California (1/7th of all Americans) already generates 31% of its electricity from renewables, 12% from non-hydropower. Again, this is all before the recent catastrophes and stimuli produce a new wave of generation plants, which are under construction.
It doesn't have to take decades before renewables have significant impact. In fact, close to 10% is already significant impact. Renewable plants are faster to build than exhaustible power systems, and are much easier/cheaper to build distributed around the country than centralized exhaustible power plants. Contrary to your statement, onsite generation by solar and wind is an advantage over centralized petrofuels in terms of our existing distribution, which onsite can largely ignore but petrofuels cannot. If we spent a $TRILLION on renewables for a decade, the way we will have spent a $TRILLION+ in Iraq on Oil War for a decade, we'd probably have at least 25% of our power coming from renewables. The resulting boom in the US domestic economy, both stimulated by investment in new technology/labor and unshackled from shipping money and jobs to foreign oil suppliers, would even further accelerate renewable fuel switchover, making subsidies unnecessary. If we canceled all the subsidies to petrofuels like oil, coal, gas and nukes, we'd see even faster conversion as a freer market finally played on a leveled playing field.

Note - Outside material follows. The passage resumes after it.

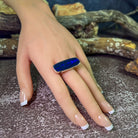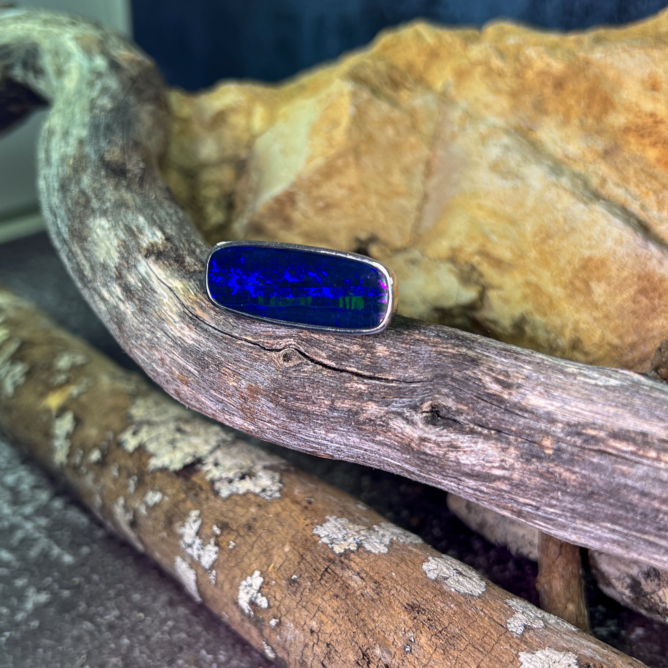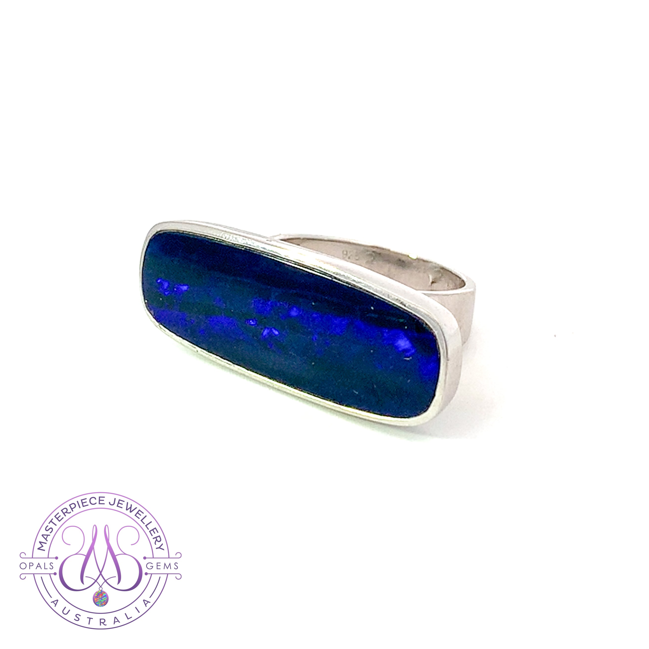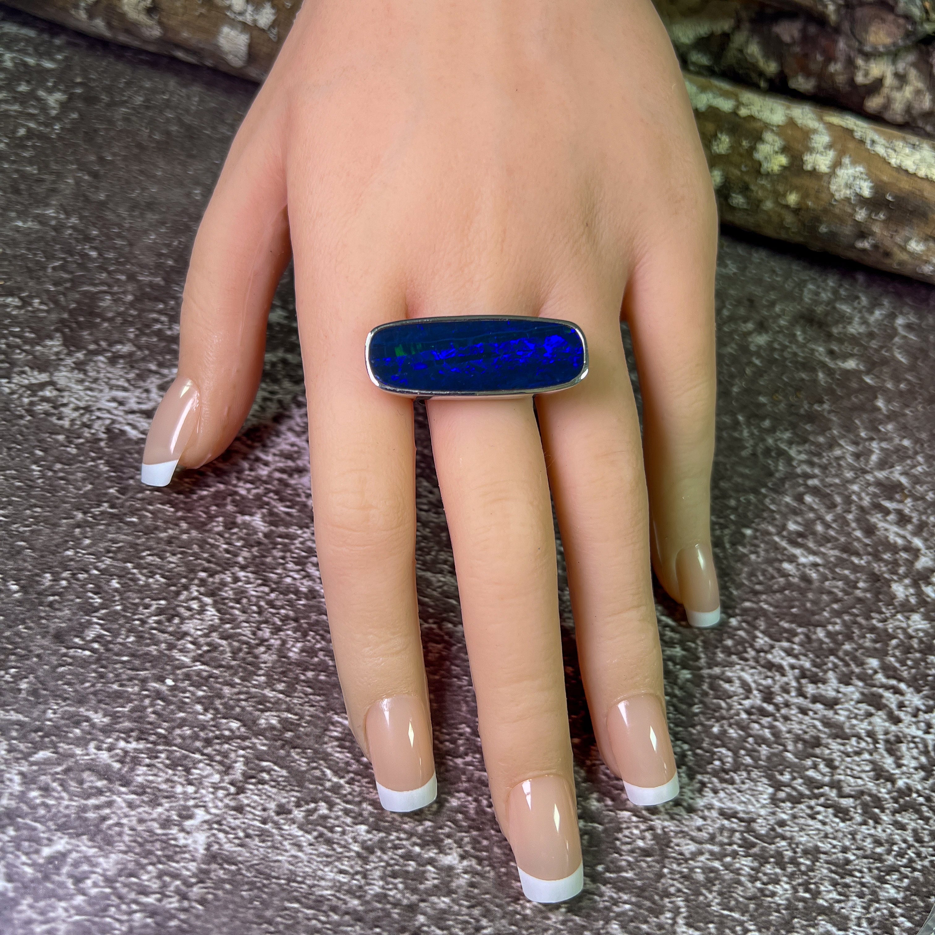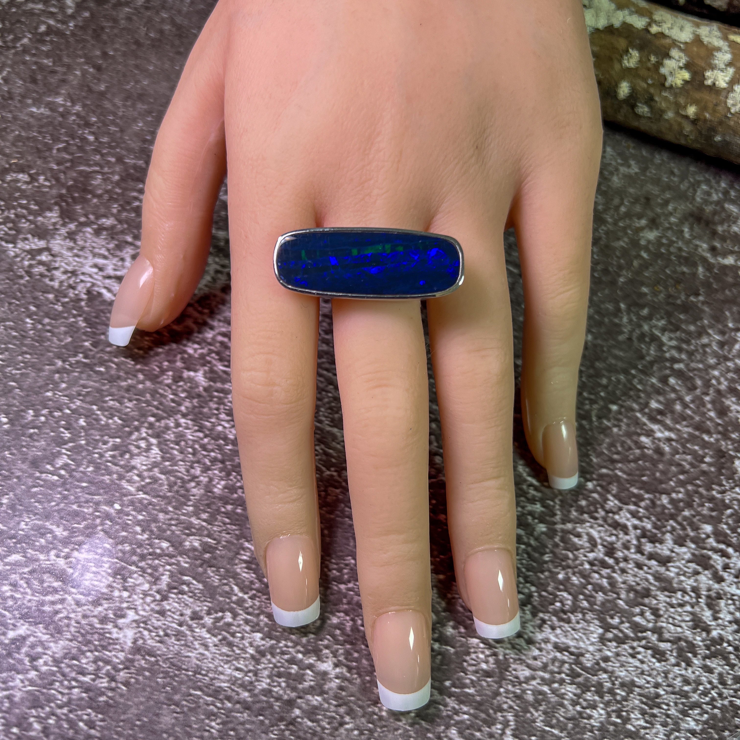 Introduce a touch of opulence with our Sterling Silver Opal ring. The mesmerizing navy blue opal steals the show as it is carefully hand-set on a statement ring. This unique piece, set sideways, is a true display of elegance and exclusivity. Elevate any outfit with this one-of-a-kind opal ring.

We don't have fifty years to leave exhaustible fuels for renewables. Fortunately, we don't need more than 10-20 to do it.
--
make install -not war
Sulfur is essential for some life on earth as well, but that doesn't mean it's not a pollutant when you spray large quantities of it into the atmosphere (hooray for acid rain!).
Yes, but it's much, much shorter lived, and so has much less impact.
The link you cite is about automobiles. Yes, if you have many millions of poorly maintained vehicles driving around, and average people fueling up every day, you can expect lots of leaks. When you're talking about a single pipeline to a power plant, you shouldn't expect much leakage at all. There's a lot of experts, and money working on preventing any such leaks before they happen. That's the main benefit of centralization after all.
Slashdot gets worse every day... Pipedot: News for nerds, without the corporate slant
and who do you suppose will pay for the cleanup of coal pollution?